Because: So, you knew Claire before taking over the store. Tell us a bit about her.
Lucy Moore: She really fostered the work of lots of young photographers and also had great relationships with lots of the fashion students from Saint Martins, which used to be on this street. And she was very generous in introducing all those students to photography from all over the world. There are some key designers now who cite her as a real influence on their work, or an inspiration from that time. Giles Deacon and Jonathan Saunders, that generation. People like even Simone Rocha, who is younger, I think knew Claire quite well.  She was very glamorous and had an incredibly mysterious, striking persona. In that sense, she's from that pre-digital era, where a tiny number of people might have a real persona or mystery about them. That doesn't really happen anymore, because we all want to tell everybody everything about ourselves. Even when I met her, which was quite late in her life, she was still very much incredibly dressed and very interesting and just magnetic, really. And the shop was incredible. When I first came here, I just thought it was lovely, all the books. I remember we went out for a drink after I first met her. She was wonderful, she was just wonderful. And she always got the bus home to Kensington. 

Do you think that the customer base has changed somewhat since Central Saint Martins has moved?
LM: Amazingly, lots of CSM students still come here and they get a special discount. They get ten percent and it's a special thing that I only do for them to acknowledge that friendship and keep it alive. In fact, Louise Wilson, when she was last here, she claimed her discount as well. So they do still come.

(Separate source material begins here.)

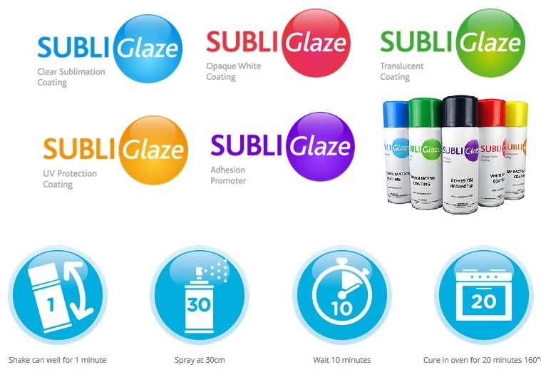 Apply Subli Glaze™ Clear Sublimation Coating smoothly and evenly, holding the can approx. 250mm (10?) from surface using light passes at room

You lived in Australia for a time and worked as an artist before agreeing to run the shop when Claire fell ill. How do you use your art background when it comes to buying for Claire de Rouen?
LM: There's a really strong overlap between art and fashion. I think the fashion world is really interested in the art world, and sometimes vice versa. That's quite nice. I really like introducing some designer to a new artist that might have a particular aesthetic that's interesting for them. On the other hand, there are lots of artists who work with fashion. Iza Genzken, she's a German artist who makes incredible shirts and uses clothing in her sculptures. Or there's an artist called Běla Kolářová who worked a lot with stitching and safety pins. Lots of very domestic, traditionally feminine objects, but related to craft – crafting and fashion. I have some of her books here in the shop.

Do you have any books that you would bring from the shop to a desert island?
LM: Probably Irving Penn's Inventive Paris Clothes, which I love. Because I also really love captions, especially fashion captions. And Diana Vreeland's language is just so glamorous. She's quite firm in her belief in certain styles, but not irreverent, just fun. Really fun. I'd take that, and then I'd probably take The World of Interiors by Marc Camille Chaimowicz, which is a fantastic reworking of The World of Interiors magazine by Marc Camille – he's a French artist whose book Madame Bovary I launched here. And then maybe something by Collier Schorr.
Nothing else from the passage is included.